• **Exercise**
Produce word for word the lines of the data below running from the one that has "It would be" to the one that has "Эта интерактивная полицейская", inclusive, and no others.

• **Record extracts**

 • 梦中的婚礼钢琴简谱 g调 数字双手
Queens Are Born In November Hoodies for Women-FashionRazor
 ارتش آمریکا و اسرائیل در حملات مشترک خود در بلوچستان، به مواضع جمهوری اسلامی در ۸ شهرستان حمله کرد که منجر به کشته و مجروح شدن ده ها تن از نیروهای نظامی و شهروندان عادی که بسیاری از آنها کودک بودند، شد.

--

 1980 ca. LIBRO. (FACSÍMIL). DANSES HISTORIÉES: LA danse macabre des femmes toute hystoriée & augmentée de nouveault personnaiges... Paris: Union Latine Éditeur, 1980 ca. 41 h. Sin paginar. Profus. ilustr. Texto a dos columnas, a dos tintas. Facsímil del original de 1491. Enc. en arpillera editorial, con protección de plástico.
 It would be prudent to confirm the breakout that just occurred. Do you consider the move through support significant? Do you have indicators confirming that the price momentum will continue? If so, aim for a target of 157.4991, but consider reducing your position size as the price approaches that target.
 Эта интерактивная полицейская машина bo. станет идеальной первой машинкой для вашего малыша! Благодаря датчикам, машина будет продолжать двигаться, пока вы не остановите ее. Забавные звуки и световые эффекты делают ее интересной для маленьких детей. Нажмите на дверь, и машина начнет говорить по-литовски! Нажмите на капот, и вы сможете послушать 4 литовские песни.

==

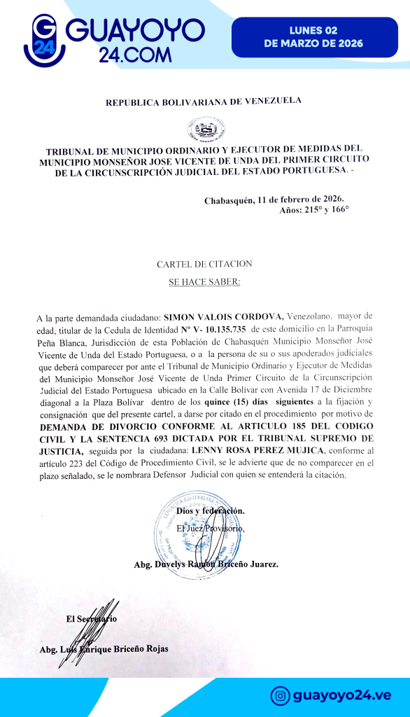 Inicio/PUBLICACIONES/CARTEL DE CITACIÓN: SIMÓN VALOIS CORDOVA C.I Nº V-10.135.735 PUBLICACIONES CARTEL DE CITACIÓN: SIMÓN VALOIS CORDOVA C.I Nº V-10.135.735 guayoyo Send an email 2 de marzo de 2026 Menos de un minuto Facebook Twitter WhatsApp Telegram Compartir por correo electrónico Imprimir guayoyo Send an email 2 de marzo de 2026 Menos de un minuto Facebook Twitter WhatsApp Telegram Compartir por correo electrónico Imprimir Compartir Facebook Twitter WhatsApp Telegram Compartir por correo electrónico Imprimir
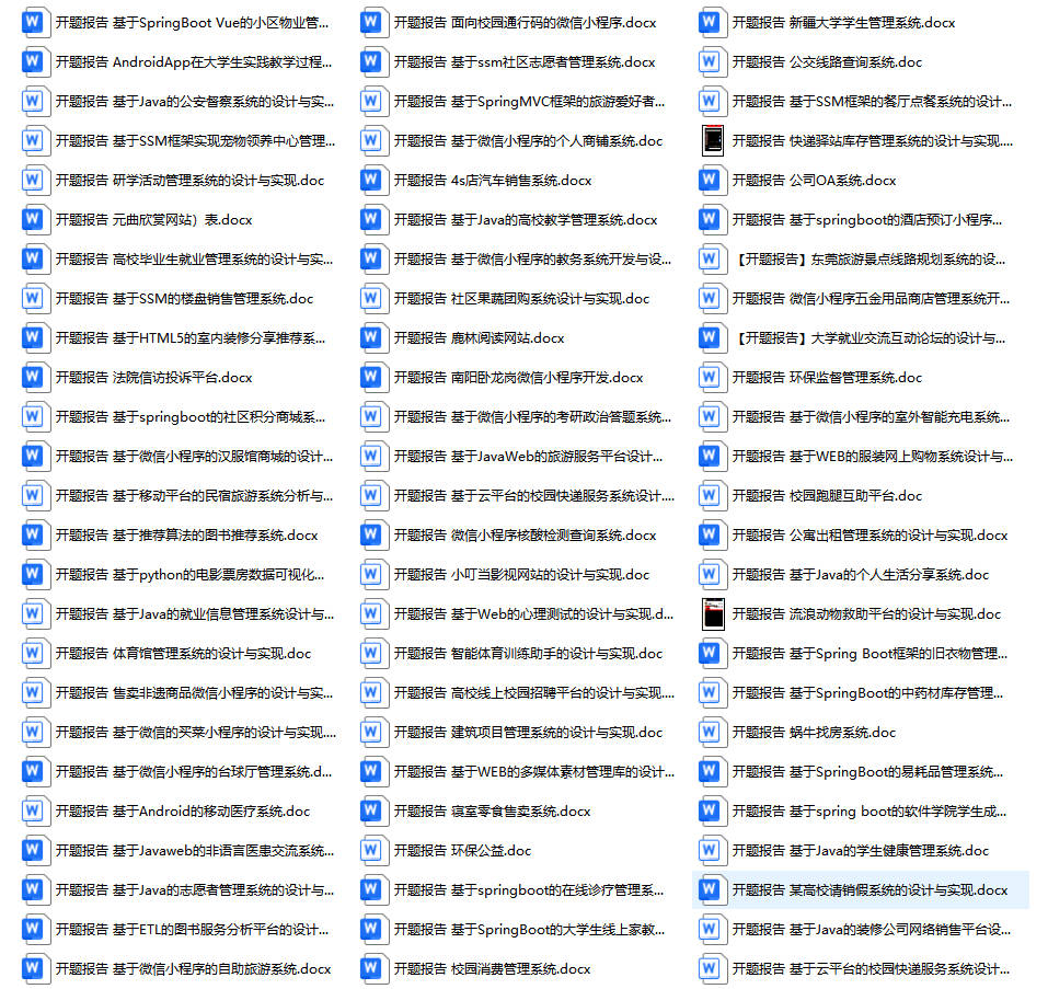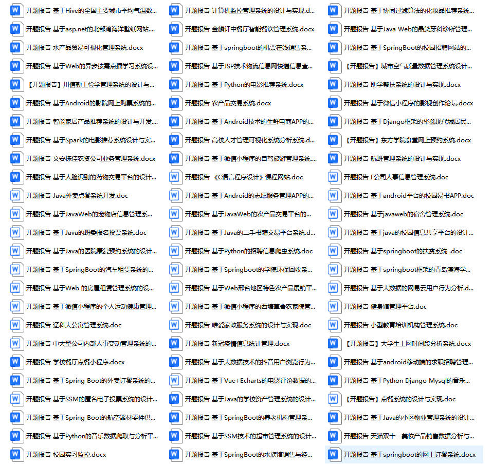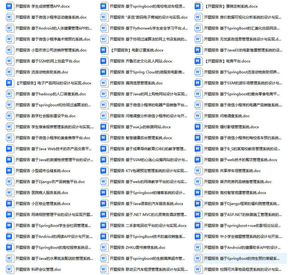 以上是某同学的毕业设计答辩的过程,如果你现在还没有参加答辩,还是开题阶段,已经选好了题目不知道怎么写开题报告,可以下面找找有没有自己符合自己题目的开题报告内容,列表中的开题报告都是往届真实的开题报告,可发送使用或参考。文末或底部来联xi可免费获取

• **Reply**
 It would be prudent to confirm the breakout that just occurred. Do you consider the move through support significant? Do you have indicators confirming that the price momentum will continue? If so, aim for a target of 157.4991, but consider reducing your position size as the price approaches that target.
 Эта интерактивная полицейская машина bo. станет идеальной первой машинкой для вашего малыша! Благодаря датчикам, машина будет продолжать двигаться, пока вы не остановите ее. Забавные звуки и световые эффекты делают ее интересной для маленьких детей. Нажмите на дверь, и машина начнет говорить по-литовски! Нажмите на капот, и вы сможете послушать 4 литовские песни.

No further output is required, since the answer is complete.